FuxiaoLiu / LRV-Instruction

[ICLR'24] Mitigating Hallucination in Large Multi-Modal Models via Robust Instruction Tuning
https://fuxiaoliu.github.io/LRV/
BSD 3-Clause "New" or "Revised" License
254 stars 13 forks source link

A question about "hallucination in captions" #23

Closed bigbrother001 closed 5 months ago

bigbrother001 commented 5 months ago

One of the reviewers comment that, this work addresses "yes or no" hallucination instead of a general hallucination problem, e.g., hallucination in captions. I'm not very clear about his/her comment, could you tell that what are the "general hallucination problem" and "hallucination in captions." mean? Expecting to hear your opinions.

FuxiaoLiu commented 5 months ago

The reviewer's comment means that our model is good at doing the Discriminative task (Yes/no).
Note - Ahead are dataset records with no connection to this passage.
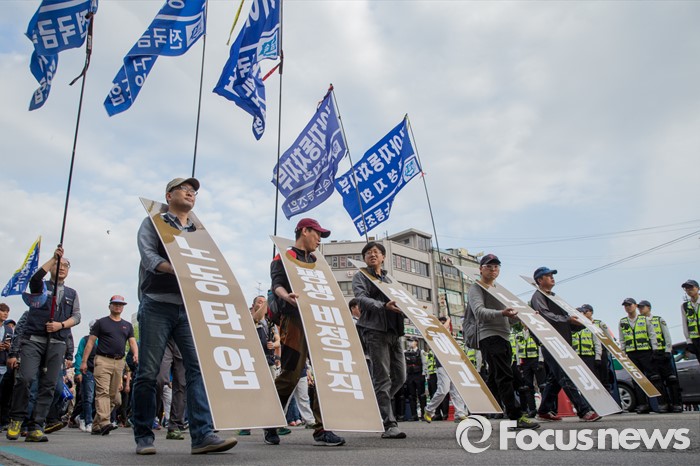 (서울=포커스뉴스) 근로자의날을 맞은 1일 오후 서울 종로구 대학로에서 민주노총 주최로 열린 '2016 세계노동절대회'를 마친 참가자들이 종로로 행진을 이어가고 있다.
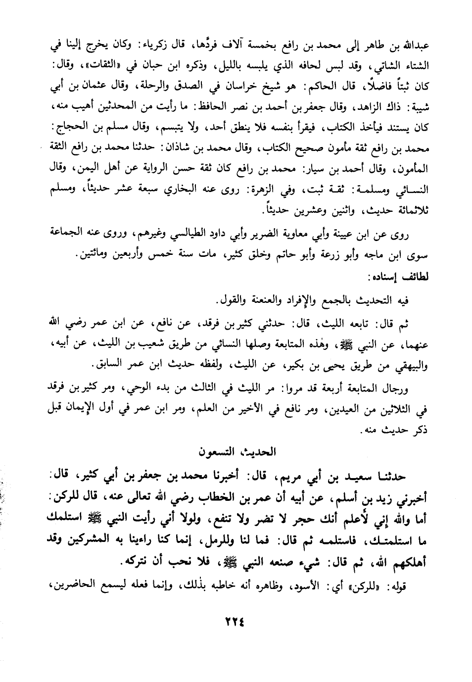 روى عن ابن عيينة وأبي معاوية الضرير وأبي داود الطيالسي وغيرهم، وروى عنه الجماعة سوى ابن ماجه وأبو زرعة وأبو حاتم وخلق كثير، مات سنة خمس وأربعين ومائتين.
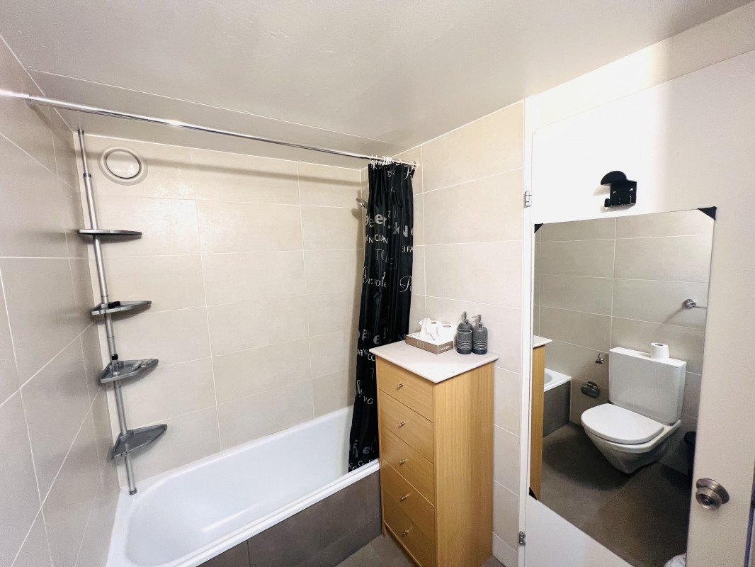 Salle de bain fonctionnelle et nombreux rangements intégrés.
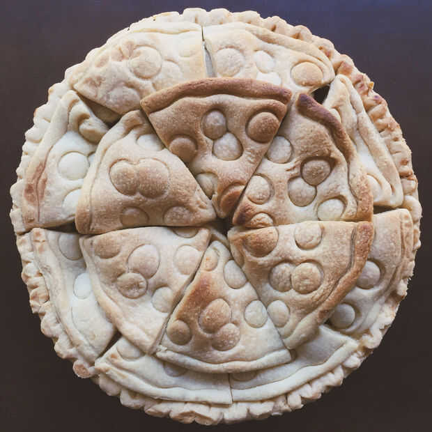 el Pi dígitos PI día tarta de manzana receta incluye los trece primeros dígitos de Pi en la receta. Se recortan los trozos de manzana en dígitos utilizando cortadores de la galleta. Las ranuras en la parte superior del pastel se recortan en la form
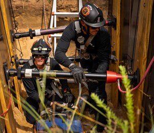 June 24, 2024 Destin, Eglin firefighters train in trench for safe extractions The training demonstration is part on an annual safety day that brings industry and emergency services together to discuss best practices while strengthening capabilities.
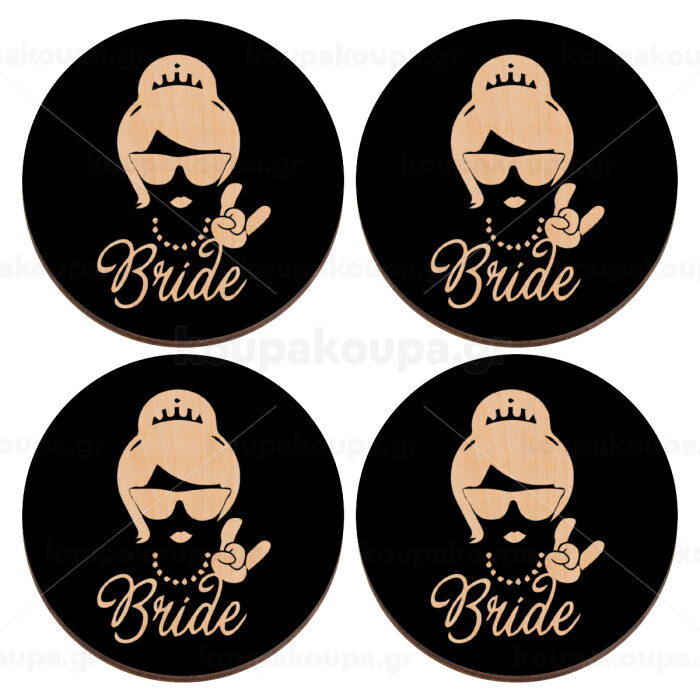 Bride hands, ΣΕΤ x4 Σουβέρ ξύλινα στρογγυλά plywood (9cm)
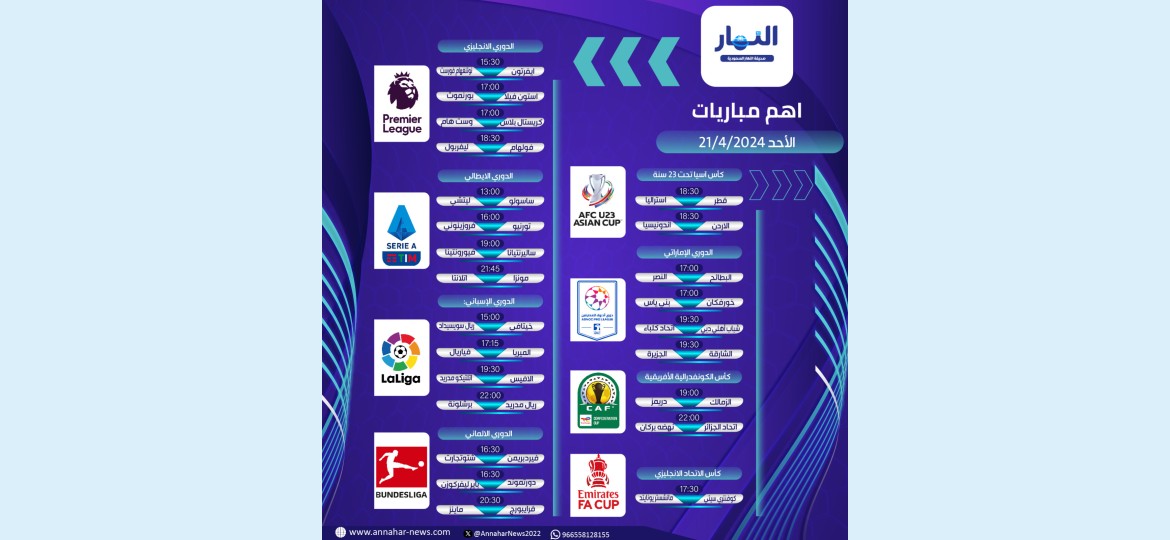 يستضيف ريال مدريد برشلونة في كلاسيكو الدوري الاسباني ، وفيما يلي أبرز المباريات :
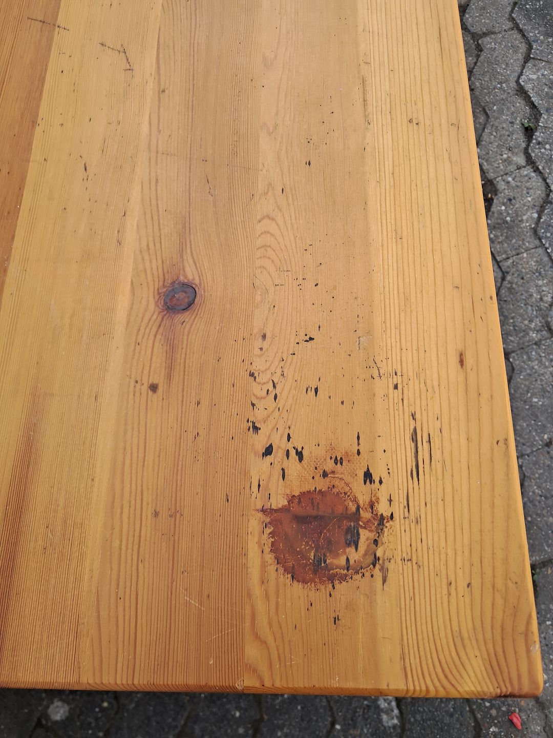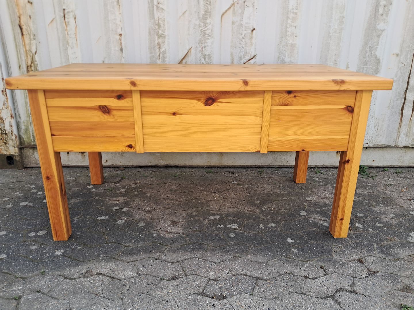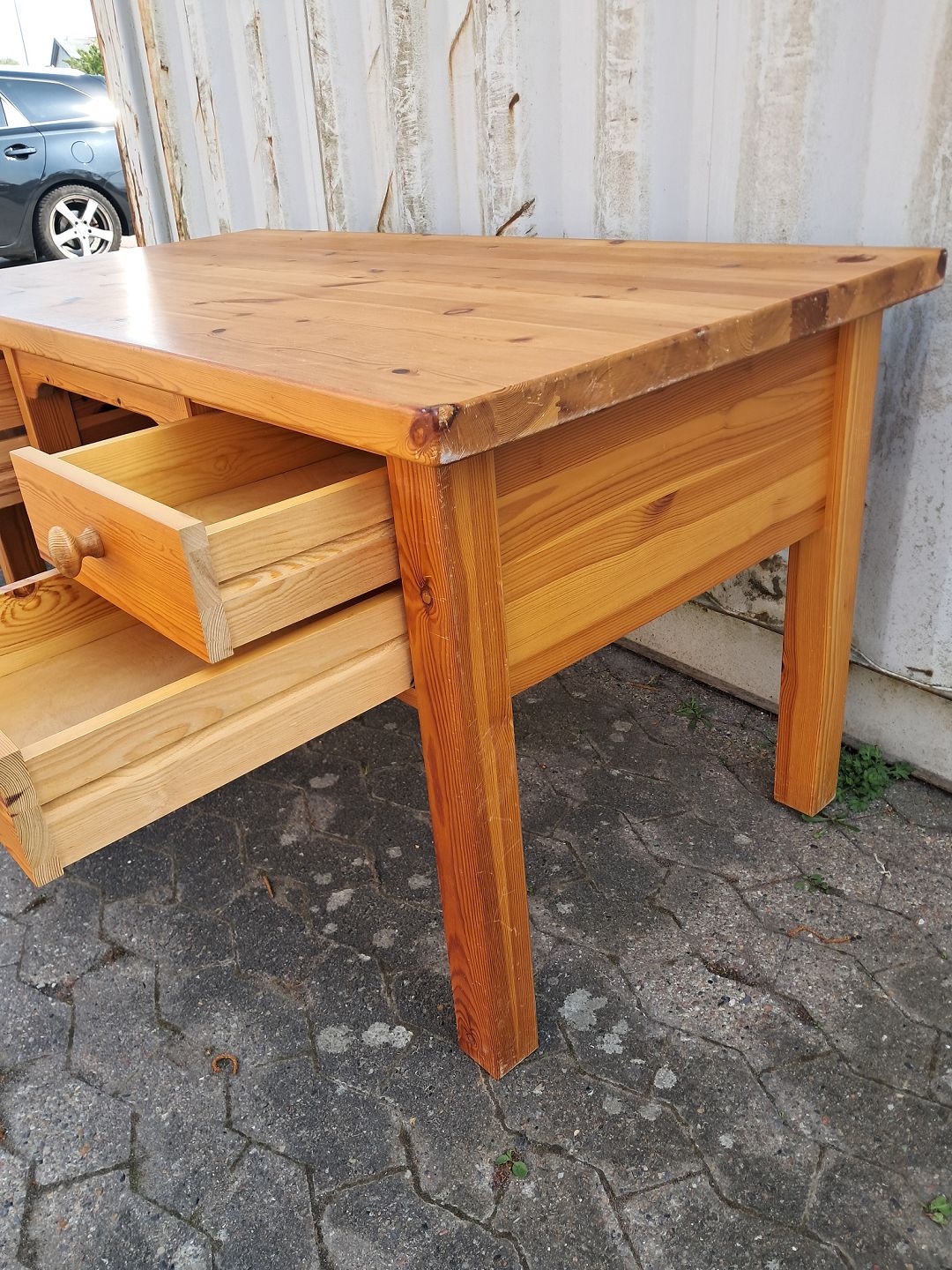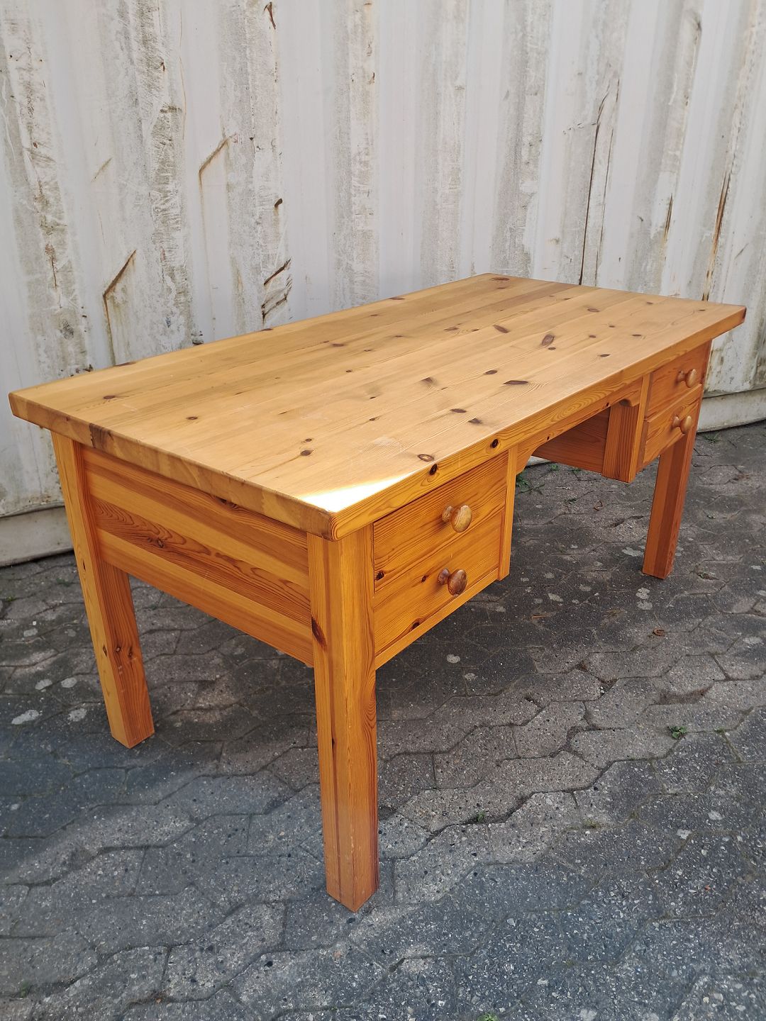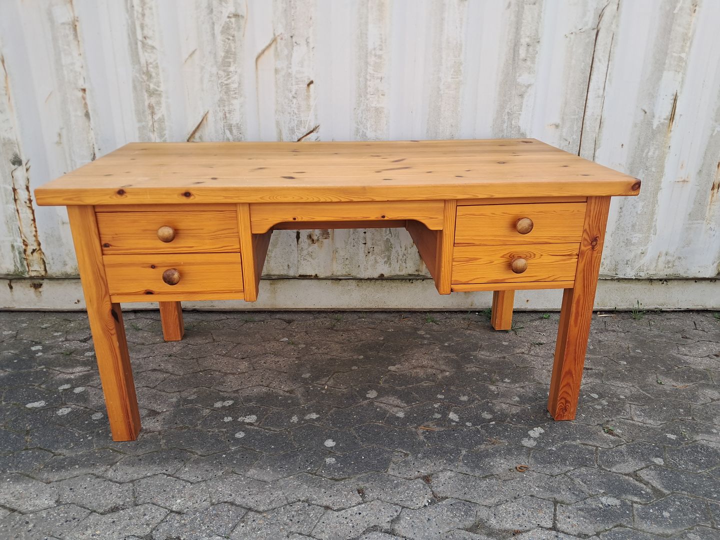 Skrivebord i massivt fyrretræ, fra 1980erne.Det har brugsspor.

LLaVA and minigpt4 always answer 'yes' for most of the questions while our model is more honest and know when to answer 'no'. If the question is not a Discriminative task like summarization task or multi-choice QA, our model may not address them very well. For examples, if the question is "Describe this image."

The answer will be "The scene takes place in an urban area, where a bicycle is parked next to a trash bin. The bicycle is situated on the right side of the image, with its front wheels slightly turned. There are several other people in this area, walking and standing around at various distances from the trash bin."

If there are no people in the image, that's the general hallucination problem.

bigbrother001 commented 5 months ago

Thank you very much for your explanation, I think I understand it now.